Voilà le paradoxe : depuis , nous cherchons une vie intelligente dans l’univers, alors qu’elle existe sous des formes prodigieuses sut Terre, parmi nous, nous nos yeux, mais discrète d’être muette (elle n’a certes pas de logos), et occultée par le naturalisme, qui a confisqué les invites immatérielles des vivants (interactionnelles, communicatives, éthopolitiques) — en partie pour en justifier le traitement extractiviste. Ce que cela pointe, à mes yeux, c’est bien qu’il est temps d’« atterir » : il est temps d’en finir avec le point de vue de Sirius, les rêves d’expansion qui localisent l’enchantement dans l’espace parce que nous avons dû désenchanter la terre comme tissu vivant prodigieux pour la traiter en réserve de fuel nous propulsant aux étoiles, comme la dernière frontière, celle de l’arrachement à notre animalité, à l’humus fantasmé comme sol arriéré sur lequel prendre pied pour monter indéfiniment, s’élever, atteindre l’au-dessus, l’au-delà — comme si nous n’étions pas de ce monde, vieux mythe moderne.
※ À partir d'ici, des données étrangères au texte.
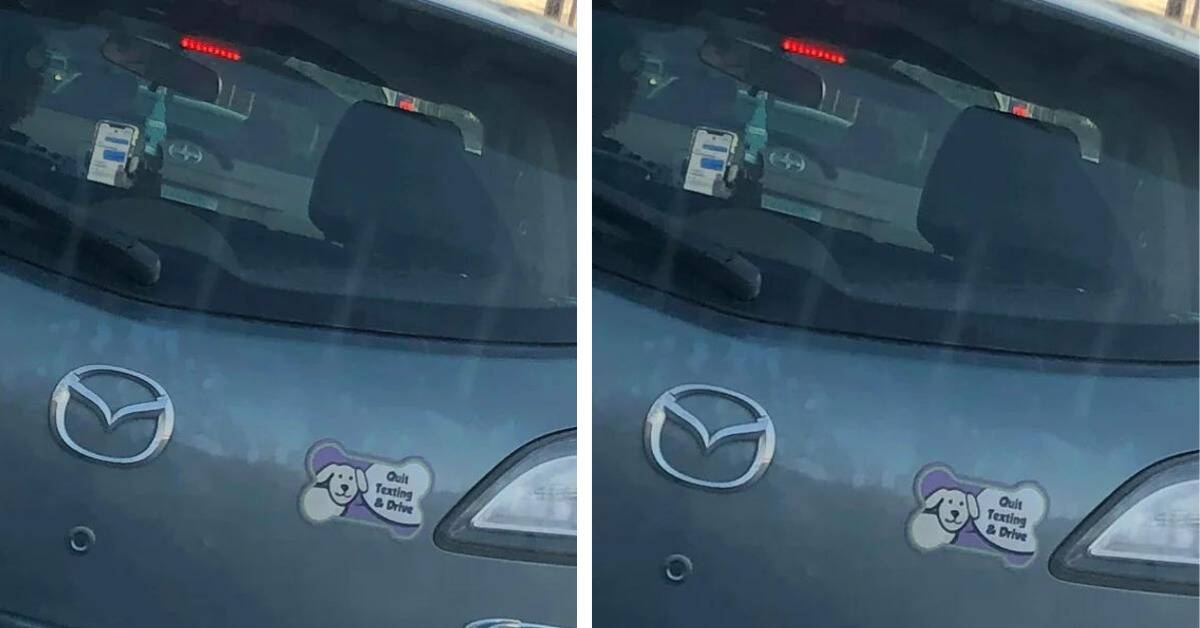I think most of us can get down with the 'Quit texting and drive' message. It's a safety concern, after all. That said, if you look at the driver of this car, they're not practicing what they preach.
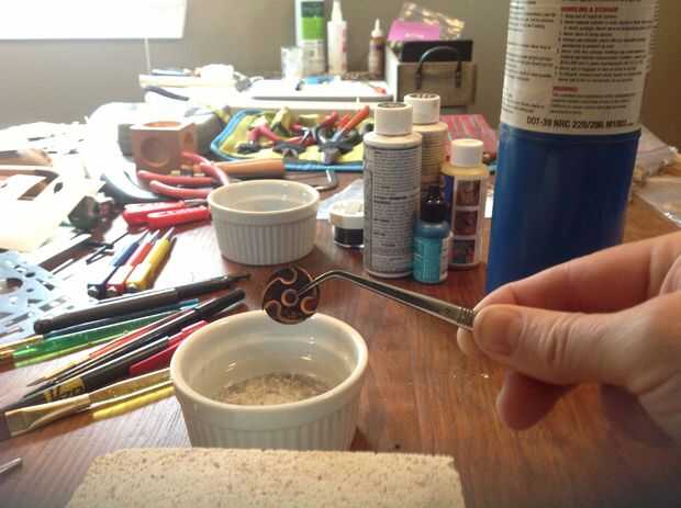 Uniformemente espaciados pedazos de soldadura de plata en el metal y los colocó juntos la forma en que quería la última pieza a colocar. La soldadura tiene un vínculo estrecho entre las dos piezas de cobre y latón. Calientan las piezas poco a poco con la antorcha del propano, porque el flujo comenzará a burbujear y podría potencialmente mude su soldadura por debajo de la pieza. Esto sucedió a mí y resultó en un centrado ligeramente apagado del triskel. Una vez finalizado el hervor pone a cero el metal y había calentado hasta brillaba. He intentado un soplete de butano pequeña, pero tomó mucho tiempo para obtener el metal lo suficientemente caliente. Recuerde también, que la soldadura tiende a seguir el calor. Más avanzada soldaduras técnicas que ayudarán a ser capaces de soldar desde arriba o abajo. Estoy seguro de que voy a comprar más herramientas antes de demasiado largo!

Ce sont les gnostiques cathares, les penseurs les plus radicaux d’un arrière-monde plus vrai que celui-là, qui donnent dans notre tradition la figure la plus pure de ce vecteur pulsionnel des modernes. Les Christopolitains (ceux qui appartiennent à la seule vraie Cité, celle du Christ, la cité céleste) disaient, en pointant la terre tout autour : « Nous ne sommes pas de ce monde » — tombés là par hasard, par faute, par malveillance d’un démon. Les modernes ont hérité de cet imaginaire : ils ne sont pas de ce monde, mais de celui de demain (le progrès aura vaincu l’irrationnel de la tradition), de celui au-delà, de celui plus loin, plus haut, plus émancipé de toute cette matière, de toutes ces limites (le nom moderne de ces liens qui nous tissent aux territoires vivants), donc plus vrai. Il y a dans la modernité une théorie des arrière-mondes qui est une part de toxicité.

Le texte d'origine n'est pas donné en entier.